Francesca then introduced the support provided by projects and infrastructures: FREYA, DARIAH-EU and ORCID. Among the FREYA project pillars (PID graph, PID Commons, PID Forum), the latter is available for anyone interested in identifiers.

The DARIAH-EU infrastructure for Arts and Humanities has recently launched the DARIAH Campus platform which includes useful resources on PIDs and managing research data (i.e. all materials which are used in supporting research). In 2018 DARIAH also organized a winter school on Open Data Citation, whose resources are archived here.

Dariah

 

A Publisher’s Perspective

Kath Burton from Routledge Journals emphasised how much use publishers make of digital tools to harvest convent, including social media crawlers, data harvesters and third party feeds.

The importance of maximising your impact online when publishing was explained, both before publishing (filling in the metadata, giving a meaningful title) and afterwards (linking to the article from social media and websites), as well as how publishers can help support this.

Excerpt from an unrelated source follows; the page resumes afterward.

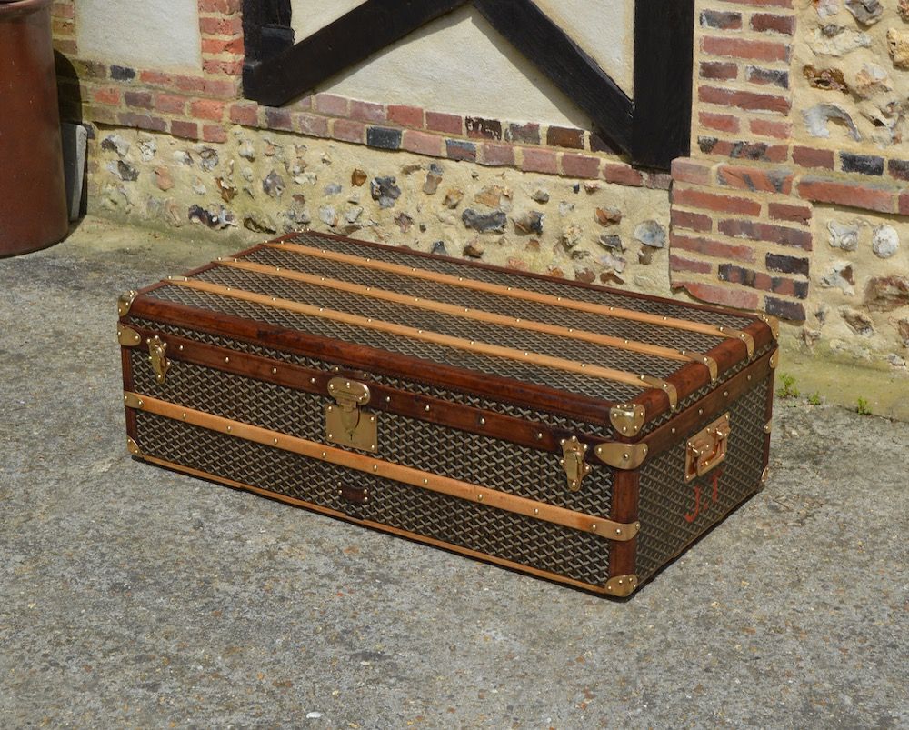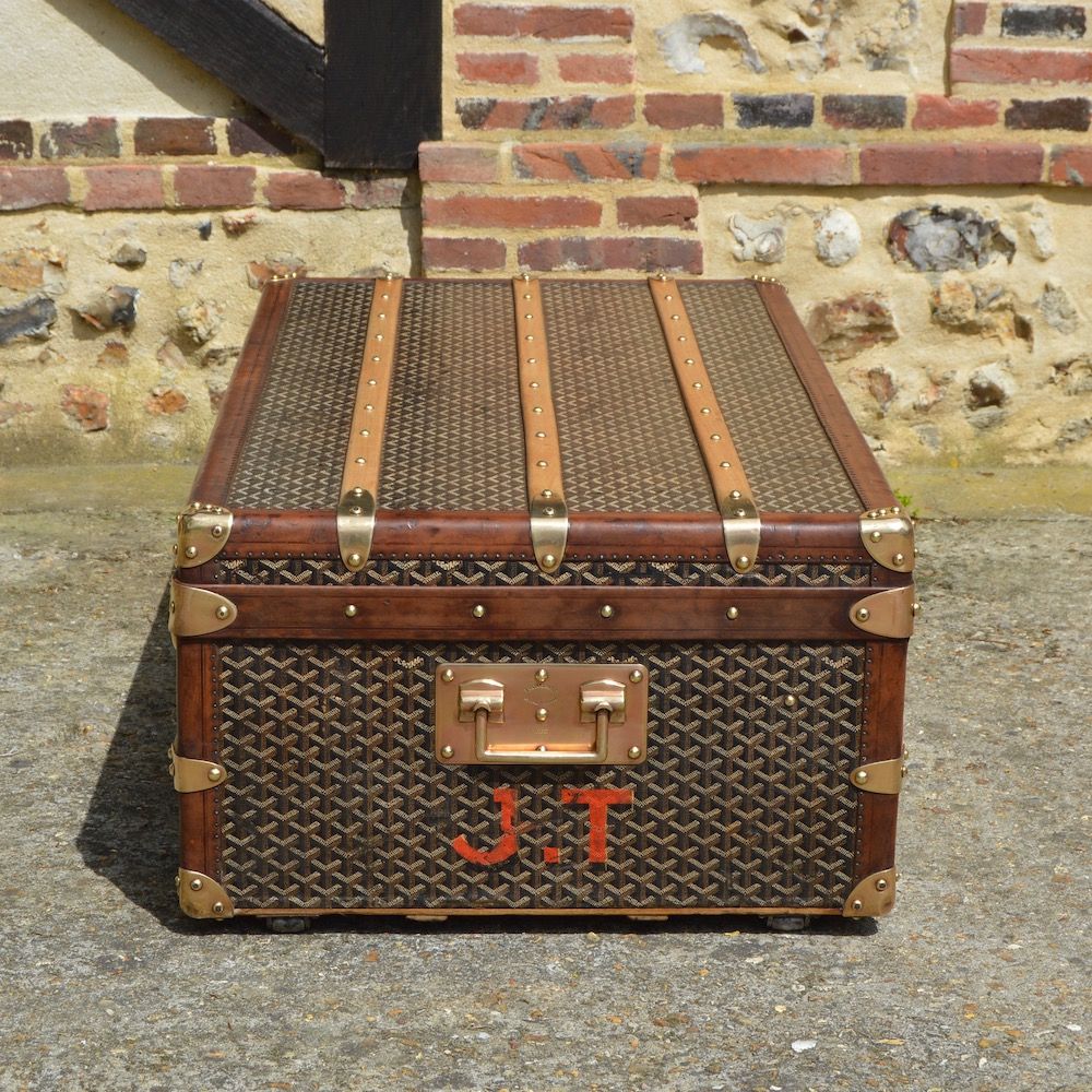 These trunks disappeared from Louis Vuitton or Goyard sales catalogs when the airplane supplanted the liners in the immediate post-war period. For lack of traveling today with these cabin trunks, their format is ideal to make a coffee table. Often protected by a glass, it is the assurance of having an unusual table, full of history and symbol of an art of living at the beginning of the 20th century.
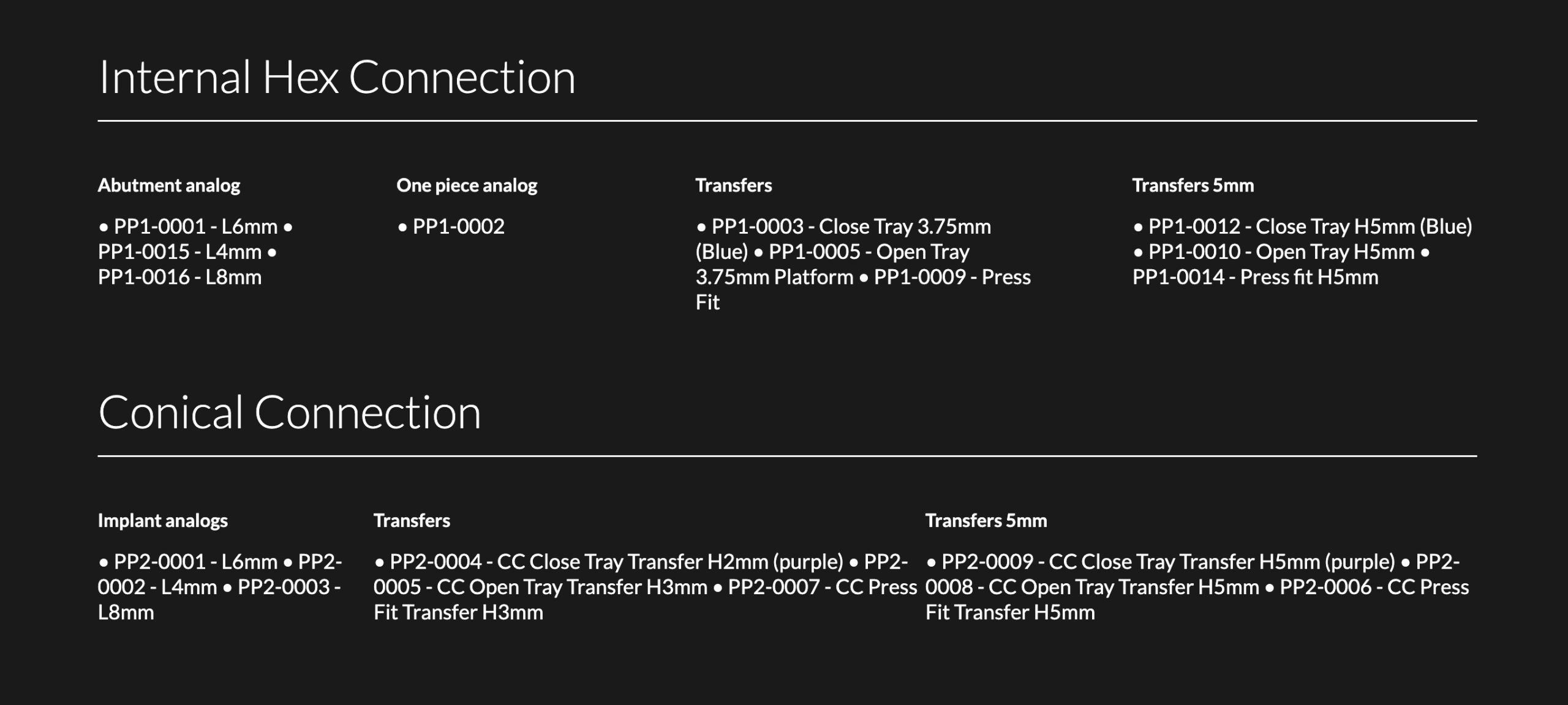 Made from stainless steel, our transfers and impression capping provide clinicians with quality products that are simple, yet accurate to use. Our analog implant can be also used as an analog abutment with 3 different heights, expanding the possibilities clinicians have in their hands, when using this product. Our impression capping is based on a dual stability protocol, creating a solution for open & close tray procedures, with two heights of gingiva: 3 and 5 mm. In addition, we provide a clever “Press Fit” impression, which is a combination of the two systems (open/close tray) maximising the precision of open tray with the ease of close tray in every procedure.

Kath went on to give an example of Taylor & Francis’s interest in the possibilities of online scholarly communication by describing its commitment to publishing 3D models of research objects, which is does on via Sketchfab page.

Breakout Groups

After the presentations and a coffee break there were group discussions about what everyone had just heard. During the first part, the groups were asked what was new to them in the presentations. It was clear from discussions around the room that attendees had heard much which was new to them. For example, some attendees had ORCID IDs but many were surprised at the range of things for which they could be used, such as in journal articles and logging into systems. They were also struck by the range of things in which publishers were interested such as research data. Many were really interested in the use of personal websites to manage their profile.

When asked what tallied with their experiences, it became clear that they were keen to engage with these systems, setting up ORCID IDs and Humanities Commons profiles but that they felt that they were too early on in their careers to have anything to contribute to these platforms and felt they were designed for established researchers. Jane Winters stressed that one could adopt a broad approach to the term ‘publications’, including posters, presentations and blog posts and encouraged all to share what they had.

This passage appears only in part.